*Input for this task*.
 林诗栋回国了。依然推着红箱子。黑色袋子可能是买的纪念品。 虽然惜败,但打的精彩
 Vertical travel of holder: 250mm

* * *

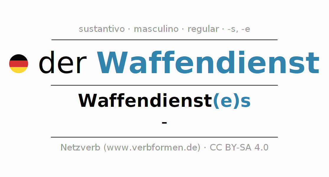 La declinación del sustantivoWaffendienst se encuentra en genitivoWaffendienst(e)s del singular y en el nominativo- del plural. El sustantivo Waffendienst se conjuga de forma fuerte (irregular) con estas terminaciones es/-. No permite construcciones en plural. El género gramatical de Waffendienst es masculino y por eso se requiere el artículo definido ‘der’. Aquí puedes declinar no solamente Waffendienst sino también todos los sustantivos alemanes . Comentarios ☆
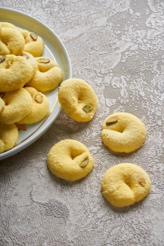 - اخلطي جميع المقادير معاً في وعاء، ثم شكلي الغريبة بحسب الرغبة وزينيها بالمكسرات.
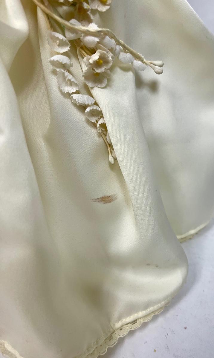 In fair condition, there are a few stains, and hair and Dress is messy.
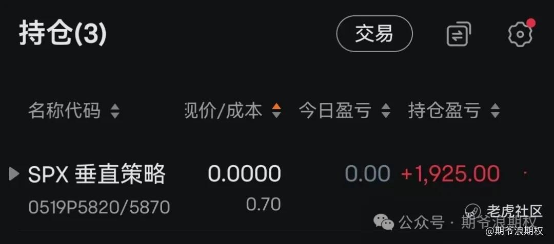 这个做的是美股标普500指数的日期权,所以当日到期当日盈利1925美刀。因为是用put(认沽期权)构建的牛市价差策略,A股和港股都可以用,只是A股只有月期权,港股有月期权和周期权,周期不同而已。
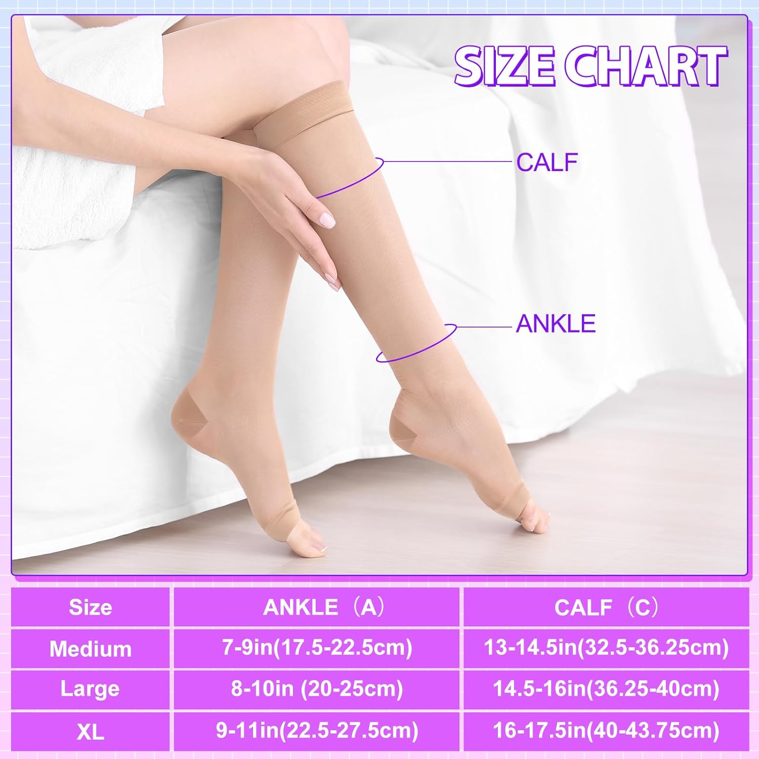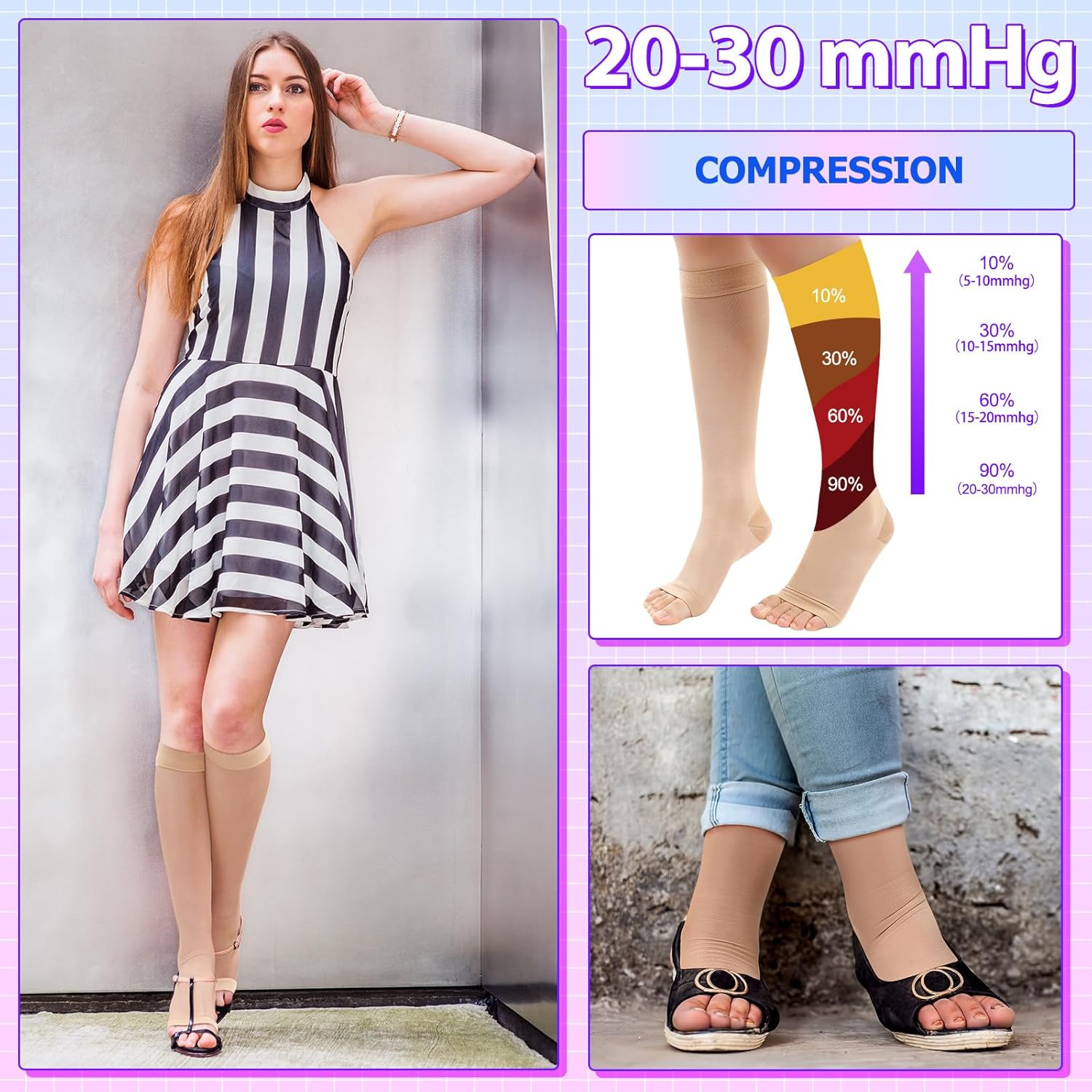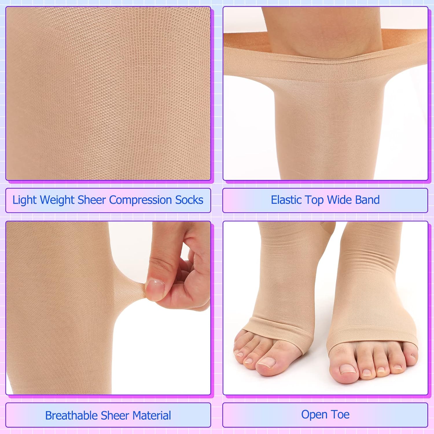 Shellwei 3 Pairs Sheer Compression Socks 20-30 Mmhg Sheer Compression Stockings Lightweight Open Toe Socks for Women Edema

*Problem description*. Could you transcribe exactly the entries above, but only the lines from the one with "In fair condition, there" through the one with "Shellwei 3 Pairs", and without pictures?

*Response*.
 In fair condition, there are a few stains, and hair and Dress is messy.
 这个做的是美股标普500指数的日期权,所以当日到期当日盈利1925美刀。因为是用put(认沽期权)构建的牛市价差策略,A股和港股都可以用,只是A股只有月期权,港股有月期权和周期权,周期不同而已。
 Shellwei 3 Pairs Sheer Compression Socks 20-30 Mmhg Sheer Compression Stockings Lightweight Open Toe Socks for Women Edema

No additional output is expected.